Vendedores ambulantes
Mas em meio a tanto esforço para atrair clientes, alcançar e superar metas, existem detalhes que há muito tempo incomodam os donos de lojas em Araguaína, são os vendedores ambulantes. Eles tomam conta das calçadas pra oferecer produtos em frente aos estabelecimentos atrapalhando a entrada saída de clientes além de muitas vender produtos que podem ser encontrados dentro das lojas.

O Portal O Norte já publicou inúmeras reportagens tratando da presença dos camelôs nas calçadas do Centro de Araguaína. A insatisfação da população é conhecida e o descontentamento por parte dos comerciantes que pagam impostos elevados para executar as suas atividades é indiscutível. Contudo, a despeito de o problema ser antigo, até hoje não há nenhuma política pública efetiva para resolvê-lo. “É uma concorrência desleal, porque enquanto pagamos nossos impostos, aluguel e funcionários eles ficam aí oferecendo seus produtos sem grandes responsabilidades”, diz Maria José dona de uma loja de confecções na Cônego João Lima.
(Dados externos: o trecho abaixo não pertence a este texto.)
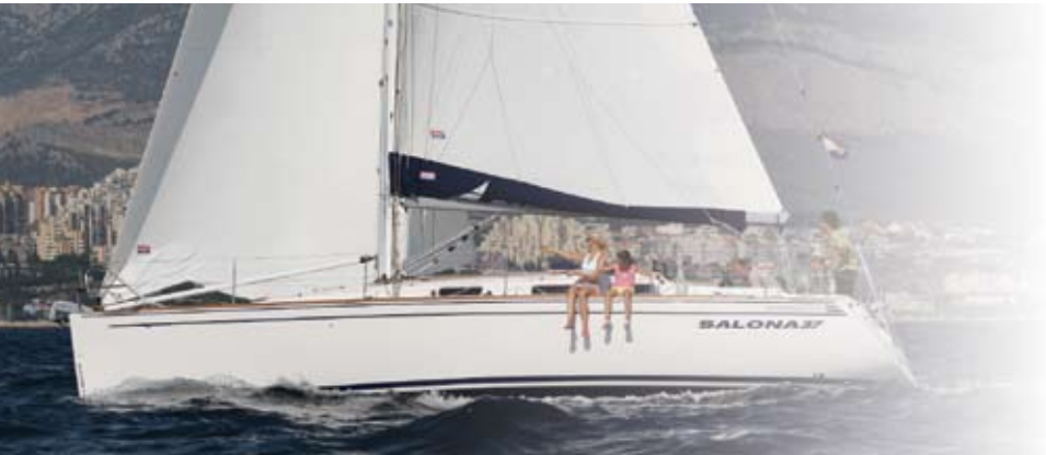
Salona 37, J & J Design, AD Boats
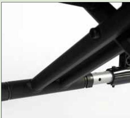
New robust three arm cross brace.
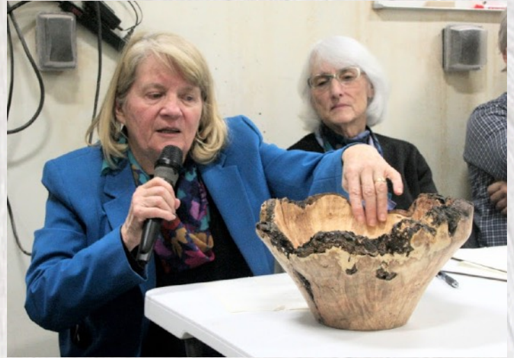
Ellie Trybuch 10" dia. bowl [maple burl]
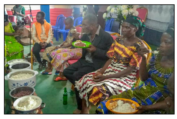
Anabaptist World Fellowship Sunday celebration at Paroisse Missionnaire Shalom de Bukavu in DR Congo.

together before or after worship on Anabaptist World Fellowship Sunday.
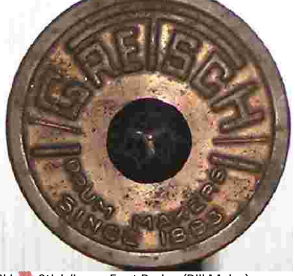
Skinny Stick/Large Font Badge (author)
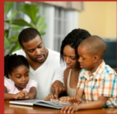
Storytelling Program Grades 4-6

The Sankofa Mentoring Program provides Black students in grades 4 to 12 with a powerful African-centered curriculum founded on the Ngozi Saba principles. Students can participate in various activities such as cultural games, drumming, creating storybooks for children, field trips, listening to guest speakers, learning about Black Heroes and Sheroes, as well as studying African languages. This program allows students to explore their racial and cultural identity, enhance their self-esteem, develop critical thinking skills, engage in self-reflection, foster teamwork, and promote the building of a stronger community. The program is available both online and in-person and includes tutoring/homework help for students registered in the program. Additionally, we offer programs for parents to encourage their engagement. Embark on a life-changing adventure by becoming a part of our community.
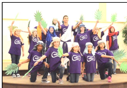
The cast of HIStory.

"Extravagant Giving" to the pizza delivery man. Fun Fall Festival hosted by teens. Trunk or Treat , inside the building due to bad weather.
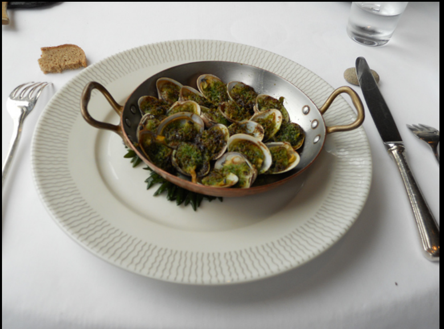
Kyles 1st course Le Coquillage
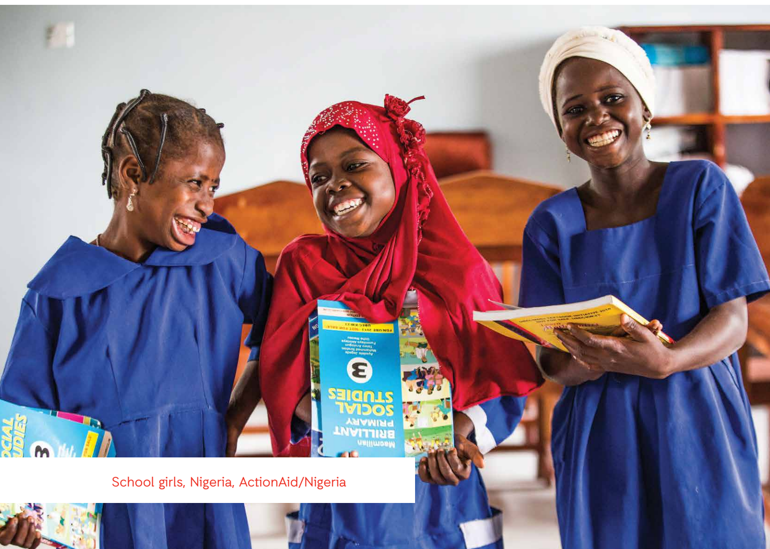
School girls, Nigeria

Pedestres Lucélia dos Anjos, 27 anos, enfermeira, conta que é frequente ter que andar pela rua porque a calçada está ocupada pelas mercadorias dos ambulantes. Ela lembra que quase presenciou uma tragédia provocada por esta ocupação desenfreada: “Teve uma vez que vi uma senhora quase sendo atropelada porque foi obrigada a andar pelo meio da rua, já que a calçada estava completamente tomada por produtos ilegais comercializados pelos camelôs. É vergonhoso! A calçada é lugar de pedestre e não de produtos falsificados”.

Fiscalização
Nossa reportagem também já acompanhou algumas fiscalizações dos fiscais de Postura do Município. Mas os lojistas reclamam que tais ações não são frequentes e apontam que para ser possível coibir as práticas irregulares, seria necessário uma fiscalização rotineira nas ruas da cidade, eles também defendem um espaço destinado especificamente para estes trabalhadores. "A gente sabe que são pessoas que também tem suas famílias e que ao invés de estarem roubando, estão trabalhando então eles também precisam de um lugar adequado para se instalarem", observa Odália Oliveira, gerente de uma papelaria.

Ministério Público
Para tentar solucionar o problema de vendedores ambulantes e camelôs em Gurupi o Ministério Público entrou em ação. No início do mês de novembro o Ministério Público Estadual ), por meio do Promotor de Justiça Marcelo Lima Nunes, com atuação na 6ª Promotoria de Justiça de Gurupi, recomendou à prefeitura da cidade que adote imediatamente providências para cessar a ocupação irregular das calçadas, ruas e avenidas, em especial as que circundam o centro da cidade, próximas às agências bancárias, por parte de vendedores ambulantes e camelôs.

Nesse sentido, o município deve determinar a apreensão e remoção dos seus instrumentos, materiais, mercadorias e veículos utilizados na atividade, com apoio da Polícia Militar, sem prejuízo de outras medidas, conforme previsto no Código de Posturas do Município de Gurupi e no Código de Trânsito Brasileiro. A prefeitura também deverá acolher e alojar os vendedores ambulantes e camelôs, principalmente os que ocupam áreas do centro da cidade de forma irregular, em local específico e adequado.

A Promotoria recomenda também que sejam realizadas, diariamente e de forma permanente, medidas efetivas de fiscalização e controle das atividades desempenhadas por comerciantes e vendedores em geral, coibindo a obstrução e/ou ocupação irregular das ruas, avenidas e calçadas com mesas, cadeiras, barracas, tendas, veículos, mercadorias e outros objetos que impedem a acessibilidade, embaraçam o trânsito e colocam em risco a segurança dos pedestres.

O relatório com as medidas adotadas deverá ser entregue ao MPE no prazo de 30 dias; caso contrário, a Promotoria de Justiça poderá tomar outras providências.